新旭第1分団が小型ポンプ操法で初優勝——滋賀県消防操法訓練大会

2026年7月12日(日)、東近江市の滋賀県消防学校で第61回滋賀県消防操法訓練大会が開かれました。県内からポンプ車の部に14分団、小型ポンプの部に8分団が出場。高島市消防団からは高島第2分団(ポンプ車)と新旭第1分団(小型ポンプ)が出場し、新旭第1分団が小型ポンプ操法の部で初優勝した——と市公式(topics/15622)が伝えています。
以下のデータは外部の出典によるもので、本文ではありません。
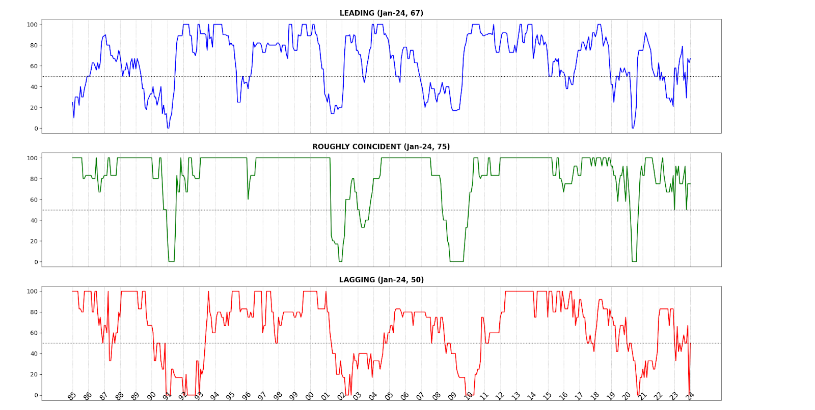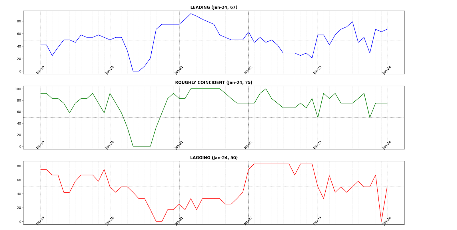 In January 2023, two of the AIER Business Conditions Monthly returned to the expansionary levels which characterized the last six to eight months. The Leading Indicator returned to its November 2023 level of 67 after dipping to 63, while the Roughly Coincident Indicator spent a third month at the 75. The Lagging Indicator, which plunged from 67 In November 2023 to 0 in December returned to 50, again exemplifying the high noise-to-signal ratio in post-pandemic economic data.

表層は「おめでとう」の一報です。本質は、湖西の消防団が平日の仕事と週末の訓練を両立しながら、県大会の秒単位の採点に耐えうる精度を積み上げた、という地域の体力の話、と編集としては読みます。僕は最初、優勝の一行だけで終わる話だと思っていましたが、出典を当たると、出場2分団・結果の温度差まで市が丁寧に書いているのが分かります。
大会の輪郭——ポンプ車14・小型ポンプ8
市公式によれば、大会は令和8年7月12日(日曜日)、会場は滋賀県消防学校(東近江市)。出場規模はポンプ車14分団、小型ポンプ8分団。高島市からは高島第2分団がポンプ車、新旭第1分団が小型ポンプに出場しています。
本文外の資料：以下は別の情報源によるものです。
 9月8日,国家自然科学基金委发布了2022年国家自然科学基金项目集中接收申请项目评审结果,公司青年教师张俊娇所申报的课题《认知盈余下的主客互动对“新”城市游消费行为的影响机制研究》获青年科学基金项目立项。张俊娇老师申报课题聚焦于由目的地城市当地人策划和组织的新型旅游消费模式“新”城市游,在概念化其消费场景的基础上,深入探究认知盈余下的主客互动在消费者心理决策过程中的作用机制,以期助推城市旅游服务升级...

操法訓練大会は、放水までの手順・連携・タイムを競う競技です。現場の火災対応そのものではない一方、ホース延長・吸水・放水の型を県内でそろえる場として、消防団の年間カレンダーでは重い位置にあります。地域の分団にとっては、日常の詰所訓練が「県の舞台」で可視化される日でもあります。
新旭第1分団——念願の初優勝
市は新旭第1分団について「念願の初優勝」と表現しています。初、という言葉が付くときは、過去大会で届かなかった積み重ねが背景にある、と読む向きもあります。編集としては、優勝杯より先に、同じ型を何度も繰り返した平日夜の訓練の方が、湖西の消防団の実像に近いと感じます。

高島第2分団——上位入賞には一歩届かず
ポンプ車の部に出場した高島第2分団は、市公式の文言どおり「上位入賞には一歩届きませんでした」が、「日々の訓練の成果を存分に発揮し、素晴らしい操法を披露」した、とされています。優勝と並んで、届かなかった側の分団も同じページに残す——この書き方自体が、消防団広報の誠実さだと感じます。
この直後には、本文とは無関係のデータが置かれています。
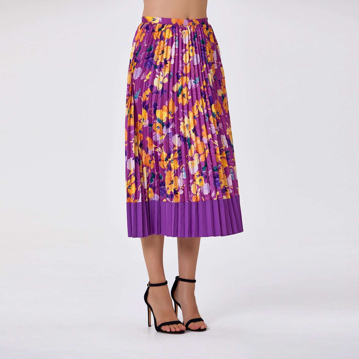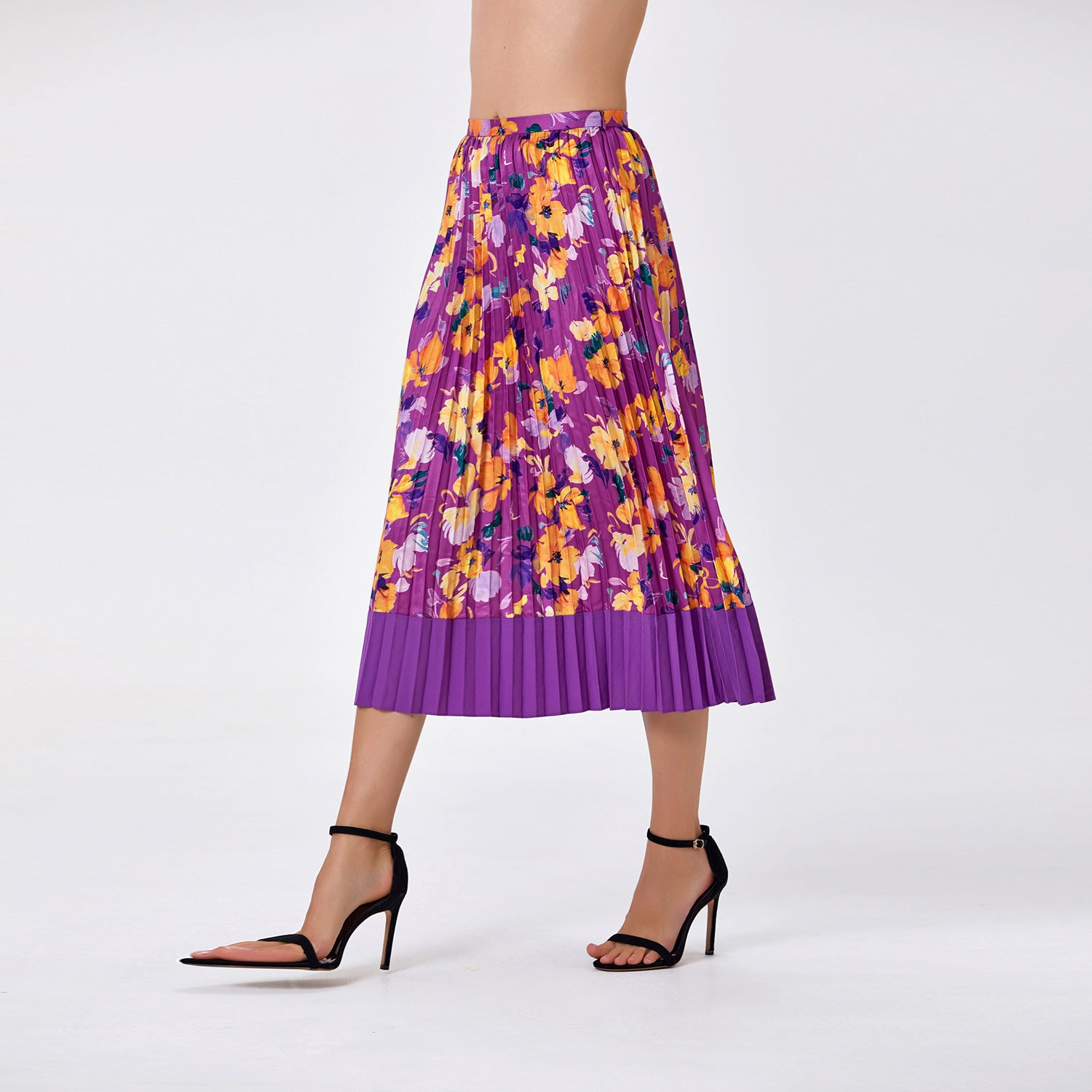 Féminine et pleine de fraîcheur, cette jupe midi plissée séduit par son imprimé coloré et sa coupe fluide qui accompagne élégamment chaque mouvement. Longueur parfaite et confort assuré grâce à sa taille élastiquée, elle est idéale pour un look chic et décontracté, au quotidien comme pour des occasions spéciales.

僕自身、結果表だけ見ると優勝行に目が行きがちです。ただ、湖西の火災・救助は分団の連携で動くので、市全体で2分団が県大会に並んだ事実の方が、日常の安心に近い指標かもしれません。
なぜ操法大会が地域ニュースになるのか
| 観点 | 意味 |
|---|---|
| 技術の標準化 | 県内で手順・タイムの物差しを共有 |
| 人材の可視化 | 若手・経験者が同じ舞台に立つ |
| 地域の誇り | 新旭・高島など地区名が県大会に出る |
担当課の説明では、消防団は「いざ」のときの地域資産です。操法大会は、その資産が競技という形で公開される数少ない機会でもあります。

1〜3年の観測点——初優勝のあと何が続くか
新旭第1分団の初優勝を1〜3年の時間軸で見るなら、観測点は三つあります。(1) 翌年度も同じ部が県大会で上位を維持できるか、(2) ポンプ車側の高島第2分団が順位を上げられるか、(3) 若手団員の加入・継続が地区広報にどう出るか——です。推測を混ぜるとすれば、優勝は訓練メニューの自信には効く一方、団員の高齢化や仕事との両立は別問題として残ります。
Lake Biwa西岸は、林野・住宅・湖岸レジャーが混在する地域です。消防団の精度は、観光シーズンの雑踏や冬の乾燥期とも地続きです。まあ、大会の写真は華やかですが、次に効くのは詰所の平時の顔合わせの方でしょう。
とにかく、今回の市公式ページは写真も多く、開会式・知事挨拶・出場準備・操法・ホース延長まで並んでいます。知りませんでしたが、広報がここまで手順を見せるのは、「見て応援してほしい」という地域向けのメッセージでもあります。

次に確認するのは 市公式15622 の写真ギャラリーと、各地区分団の今後の訓練日程(各詰所・消防本部の案内)。優勝の余韻は短いので、日常の訓練表の方が長く効きます。